EXERCISE BRIEF: Extract the stretch of lines that starts at the line with "Following the overall" and ends at the last line of the data below. Give it exactly, without pictures.

PROVIDED DATA:
○ ○ ○ ○

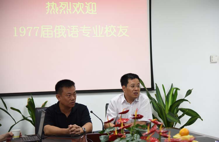 2015年9月6日,外文学院俄语系77届校友回到母校,相聚在1020会议室,学院党委书记林洪、院长程晓堂和校友们进行座谈,欢迎老校友们时隔三十八年后再度归来,院长程晓堂对学院的学科建设、队伍建设、教学发展等做了进一步的介绍,谈到了学院的成绩及挑战。到场校友纷纷发言,回忆当年在校的学习、生活经历,讲述自己的近况,分享了自己的人生体悟。这是一批非常优秀的来自工农兵的学生,同学们也回忆了老师在学习和生活中给予他们的无微不至的关怀,师生之间建立的深厚的友情,为他们留下了难以磨灭的闪光记忆。他们中很多同学一直奋斗在我国的教育、民航、公检法等领域,都事业有成,为俄语教学及文化经济建设做出了突出的贡献,最后党委书记林洪真诚祝愿各位校友身体健康,万事如意!希望校友们常回家看看。
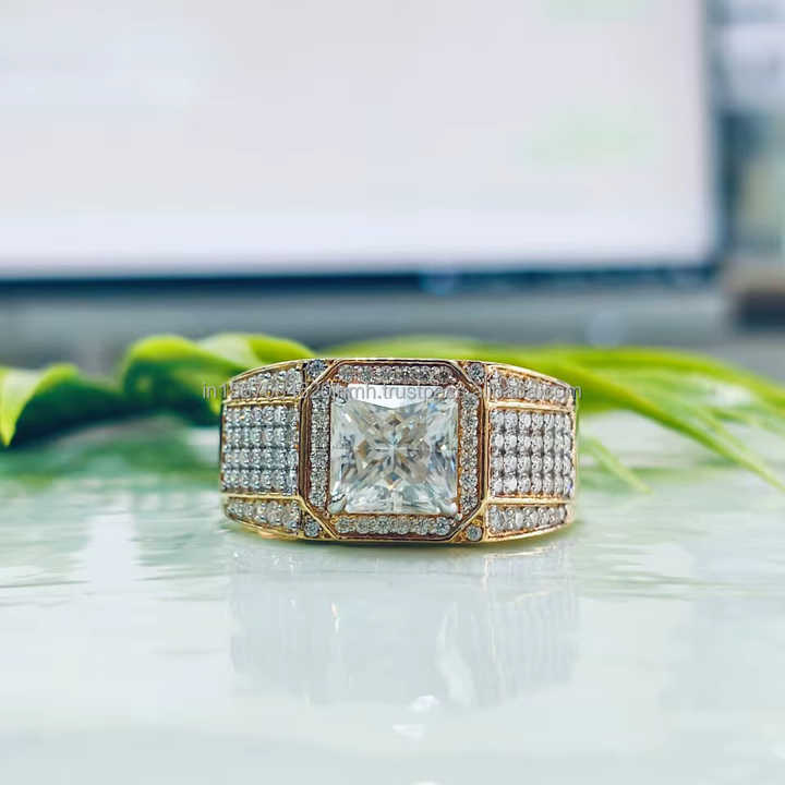 Anillo de diamantes con corte princesa y piedras laterales en oro amarillo, diseñado para una elegancia atemporal, radiante y un lujo audaz pero clásico.
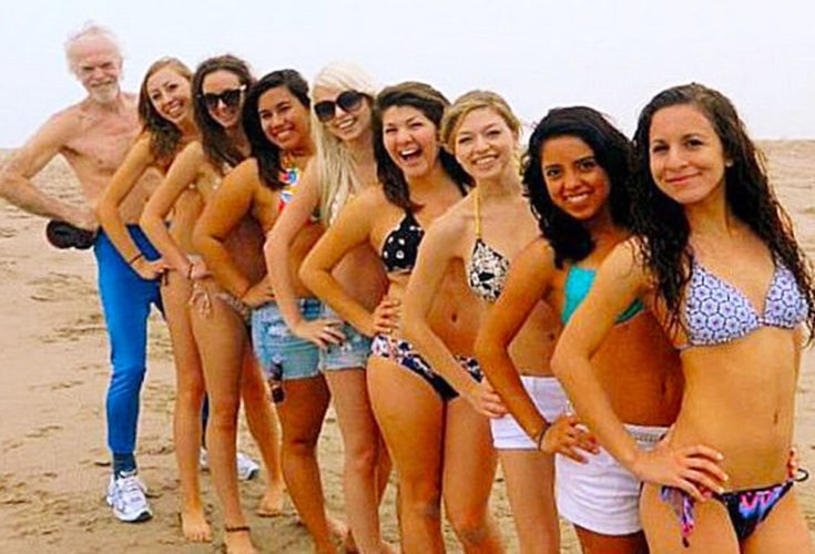 Following the overall notion of beach photobombs, it seems that this particular instance was premeditated. An arrangement of stunning young ladies encircle an elderly man who is renowned for his benevolence, intentionally positioned at the rear. The video conveys a sense of enjoyment during the photoshoot. The individual responsible for suggesting this should be commended for their imaginative abilities. I will consider attempting a similar pose with my friends when I visit the beach in the future!
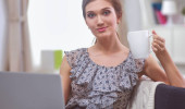 atrakcyjny dziewczynka kaukaski, siedząc na podłodze

○ ○ ○ ○

TASK SOLUTION:
 Following the overall notion of beach photobombs, it seems that this particular instance was premeditated. An arrangement of stunning young ladies encircle an elderly man who is renowned for his benevolence, intentionally positioned at the rear. The video conveys a sense of enjoyment during the photoshoot. The individual responsible for suggesting this should be commended for their imaginative abilities. I will consider attempting a similar pose with my friends when I visit the beach in the future!
 atrakcyjny dziewczynka kaukaski, siedząc na podłodze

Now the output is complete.